Oh MY we got a   today! Can't believe our luck so we went to get another test, and of course it was positive!! 

I didn't expect it to be able to work first time round- although I guess the IUI stats reflect lots of women with fertility probs and the F/F data gets absorbed into that...? I have looked on HFEA and Office of National Statistics but  F/F IUI data doesn't exist, I don't think.

We're going to my folks for Christmas so have decided I will talk to Mum this week as coming up with an excuse for not drinking is more trouble than it's worth, I think. Then will tackle in-laws after 6/7 week scan.

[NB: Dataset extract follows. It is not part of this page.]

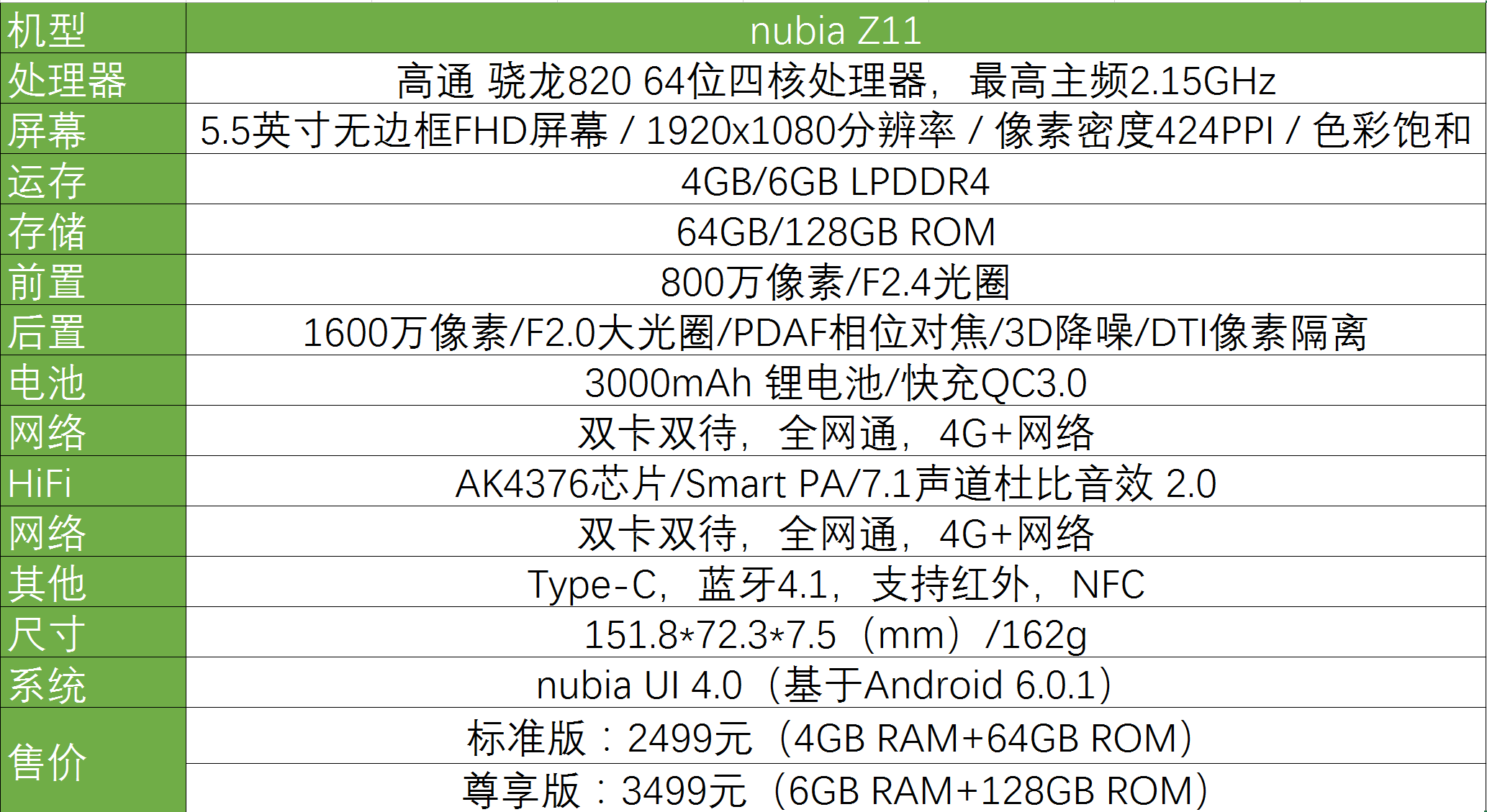 努比亞Z系列在今年已經(jīng)先后發(fā)布了多款手機(jī),但我認(rèn)為nubia Z11才是其中當(dāng)之無愧的真旗艦,首先nubia Z11的硬件達(dá)到了目前安卓手機(jī)的頂配,高通驍龍820處理器,4GB RAM+64GB ROM內(nèi)存組合,5.5英寸1080P分辨率,800萬像素前置攝像頭+1600萬像素主攝像頭,3000mAh電池,相比nubia Z9有著巨幅的提升。

Now we are cautiously optimistic and just want to be safe until 12weeks....

Waaaaaahhhhh


----------



## Monkey07 (Jul 8, 2012)

Congrats  xx


----------



## Mish3434 (Dec 14, 2004)

Congrats


----------



## single.mummy (Mar 12, 2009)

Congratulations


----------



## Chopio (Dec 15, 2011)

Congratulations on your BFP    

Good luck with telling your folks too. We told my family back when we first started trying when we thought it would happen first time for us. It's been nice having them cheering for us along the way but a lot of different people and questions and perspectives. They mean well but with hindsight I wish I'd kept my mouth shut (famous last words!)

Most importantly I wish I'd thought a bit about the types of questions they might ask especially with regards to the sperm donor. Then my partner and I could have set some boundaries in advance about what information about him stays within our little family so that we can manage how our little ones learn that info. 

I hope the conversations go well for you!

Eeeeeeee! I love a BFP


----------



## Impatiens (Dec 11, 2012)

Sooo I told my Mum today! She was quiet and asked all the questions we anticipated, so it was a good job we'd prepared...
She had some understandable worries but was generally positive. I didn't go into a lot of detail, just said DP and I been discussing it for some time, and there had been plenty of careful research, investigations and procedures, and we were hoping for good news soon.

We then went shopping together and had a lovely day.

So relieved. In laws next.... think DP wants to involve them a little. I think if we say a similar thing to them, i.e deliberately vague until 12wks, I could cope with that  

Now wondering how to last until 7 wk scan....


----------



## pixnmix2010 (Jan 28, 2013)

Congrats xx


----------